Tidak hanya berdampak bagi dunia investasi, penghapusan PBB juga akan menyulitkan jalannya program pemerintah.
Setia Budi mencontohkan, tanpa NJOP, pemerintah kesulitan membangun fasilitas layanan publik, seperti rumah sakit, karena warga akan mematok tanah yang diincar pemerintah dengan harga mahal. "Ada efek domino dari penghapusan pajak ini."
Meski bakal berdampak buruk bagi investasi, Setia Budi mengatakan, daerah tidak berada dalam posisi menolak atau menyetujui wacana tersebut.
Sebab, dalam peraturan perundang-undangan, penentuan ihwal pajak adalah hak pemerintah pusat. Namun, sejak 2011, pengelolaan beberapa jenis pajak dilimpahkan ke daerah. Salah satunya pajak bumi dan bangunan. "Mau dihapus atau tidak, itu hak pemerintah pusat," kata Setia.

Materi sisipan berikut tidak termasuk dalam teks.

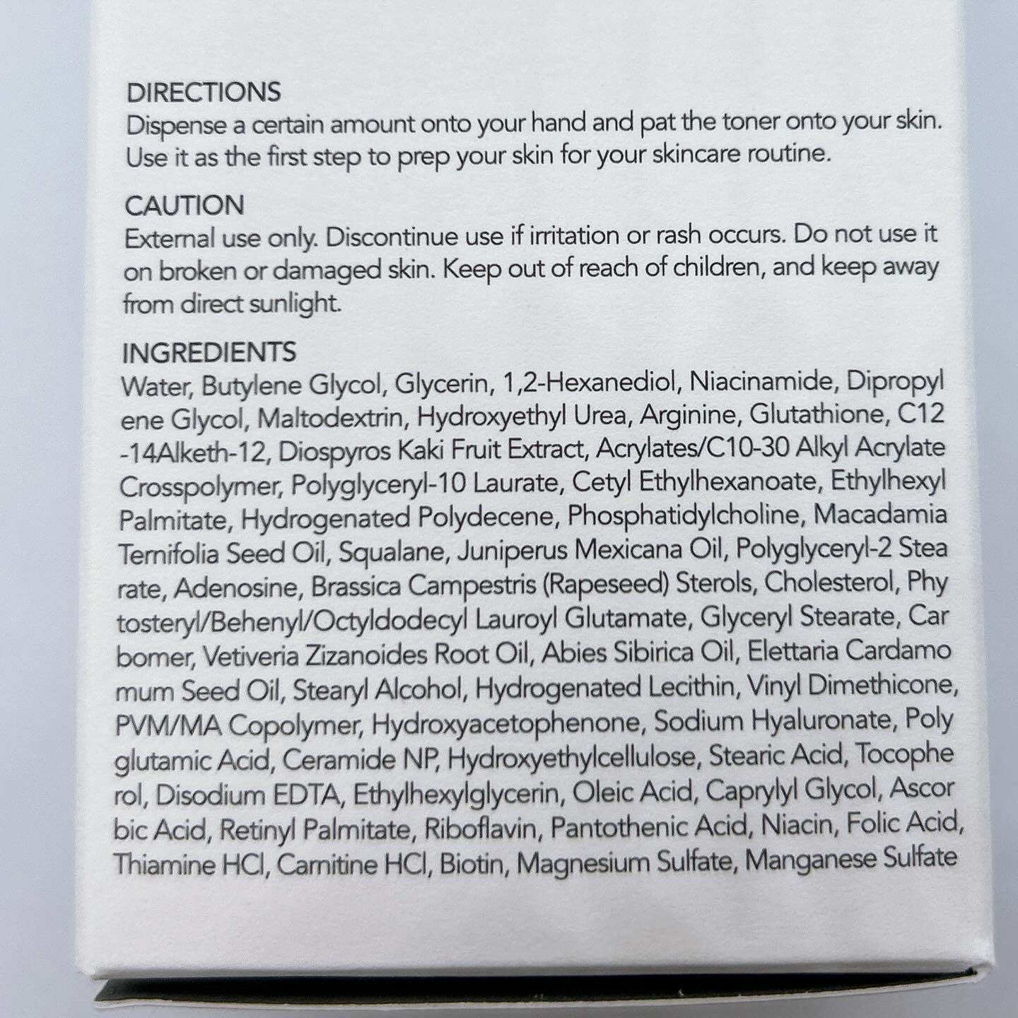 - <200ml> 水、BG、グリセリン、1,2-ヘキサンジオール、ナイアシンアミド、ジプロピレングリコール、マルトデキストリン、ヒドロキシエチルウレア、アルギニン、グルタチオン、(C12-14)アルケス-12、カキ果実エキス、(アクリレーツ/アクリル酸アルキル(C10-30))クロスポリマー、ラウリン酸ポリグリセリル-10、エチルヘキサン酸セチル、パルミチン酸エチルヘキシル、水添ポリデセン、ホスファチジルコリン、マカデミアナッツ油、スクワラン、ジュニペルスメキシカナ油、ステアリン酸ポリグリセリル-2、アデノシン、アブラナ種子ステロール、コレステロール、ラウロイルグルタミン酸ジ(オクチルドデシル/フィトステリル/ベヘニル)、ステアリン酸グリセリル、カルボマー、ベチベル根油、シベリアモミ油、ショウズク種子油、ステアリルアルコール、水添レシチン、(ジメチコン/ビニルジメチコン)クロスポリマー、(メチルビニルエーテル/マレイン酸)コポリマー、ヒドロキシアセトフェノン、ヒアルロン酸Na、ポリグルタミン酸、セラミドNP、ヒドロキシエチルセルロース、ステアリン酸、トコフェロール,EDTA-2Na、エチルヘキシルグリセリン、オレイン酸、カプリリルグリコール、アスコルビン酸、パルミチン酸レチニル、リボフラビン、パントテン酸、ナイアシン、葉酸、チアミン塩酸塩、カルニチン塩酸塩、ビオチン、硫酸マグネシウム、硫酸マンガン
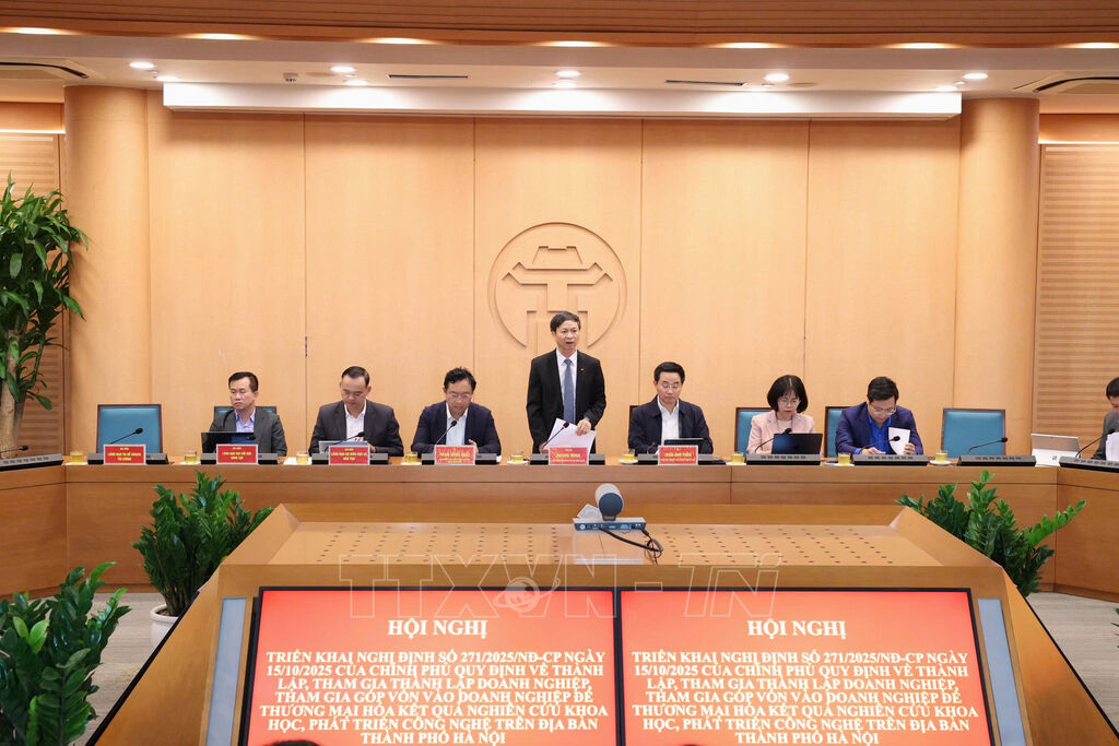 Chiều 23/10, tại Hà Nội, UBND thành phố phối hợp với Bộ Khoa học và Công nghệ tổ chức hội thảo triển khai Nghị định số 271/2025/NĐ-CP của Chính phủ "Quy định về thành lập, tham gia thành lập doanh nghiệp, tham gia góp vốn vào doanh nghiệp để thương mại hóa kết quả nghiên cứu khoa học, phát triển trên địa bàn thành phố Hà Nội".

Namun, Setia berharap, jika PBB dihapus, pemerintah memberikan dana pengganti dari APBN yang sesuai dengan pendapatan daerah dari PBB setiap tahun.
Menurut Setia, setiap tahun rata-rata pendapatan Kabupaten Bangkalan dari pajak sebesar Rp 122 miliar. Sebanyak Rp 3 miliar di antaranya bersumber dari pajak perumahan.
"Asal ada dana pengganti, kami setuju PBB dihapus," ujarnya.